Task directions:
Every line of the data below is to be duplicated exactly, pictures excepted.
*** Dataset content ***
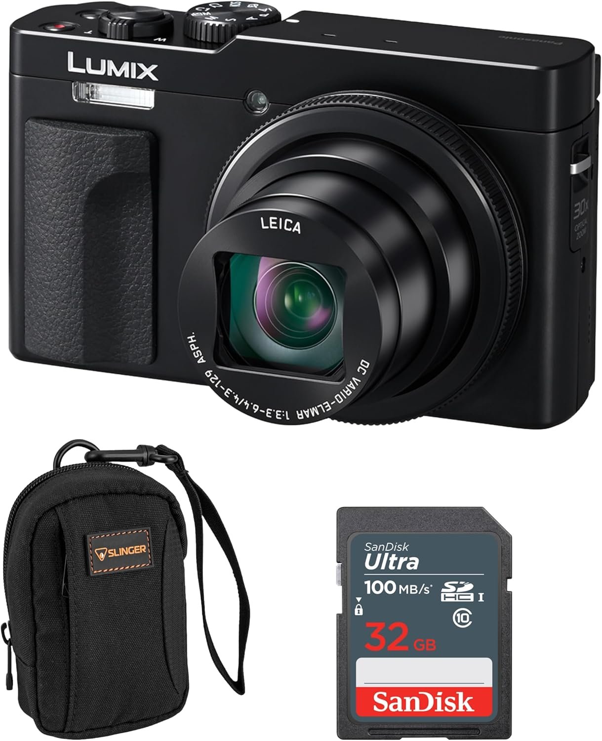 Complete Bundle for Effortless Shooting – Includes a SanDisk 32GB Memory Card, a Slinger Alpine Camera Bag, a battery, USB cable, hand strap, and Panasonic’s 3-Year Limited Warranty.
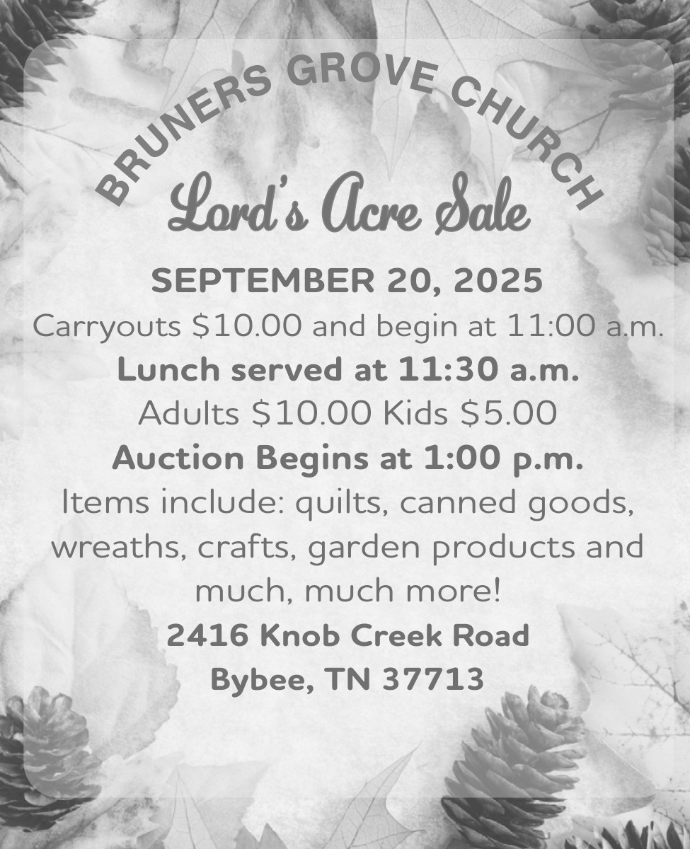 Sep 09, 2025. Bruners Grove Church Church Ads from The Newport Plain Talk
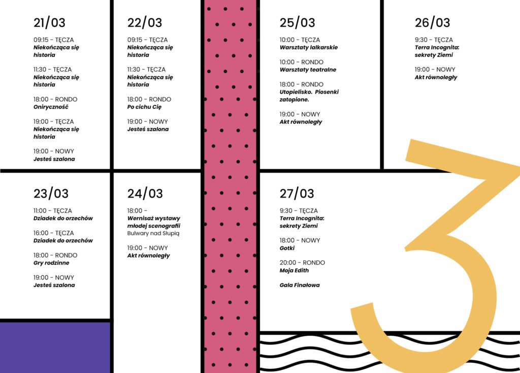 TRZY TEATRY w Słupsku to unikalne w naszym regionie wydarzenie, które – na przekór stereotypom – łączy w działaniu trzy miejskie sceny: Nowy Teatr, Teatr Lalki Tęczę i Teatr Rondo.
***
Exercise solution:
 Complete Bundle for Effortless Shooting – Includes a SanDisk 32GB Memory Card, a Slinger Alpine Camera Bag, a battery, USB cable, hand strap, and Panasonic’s 3-Year Limited Warranty.
 Sep 09, 2025. Bruners Grove Church Church Ads from The Newport Plain Talk
 TRZY TEATRY w Słupsku to unikalne w naszym regionie wydarzenie, które – na przekór stereotypom – łączy w działaniu trzy miejskie sceny: Nowy Teatr, Teatr Lalki Tęczę i Teatr Rondo.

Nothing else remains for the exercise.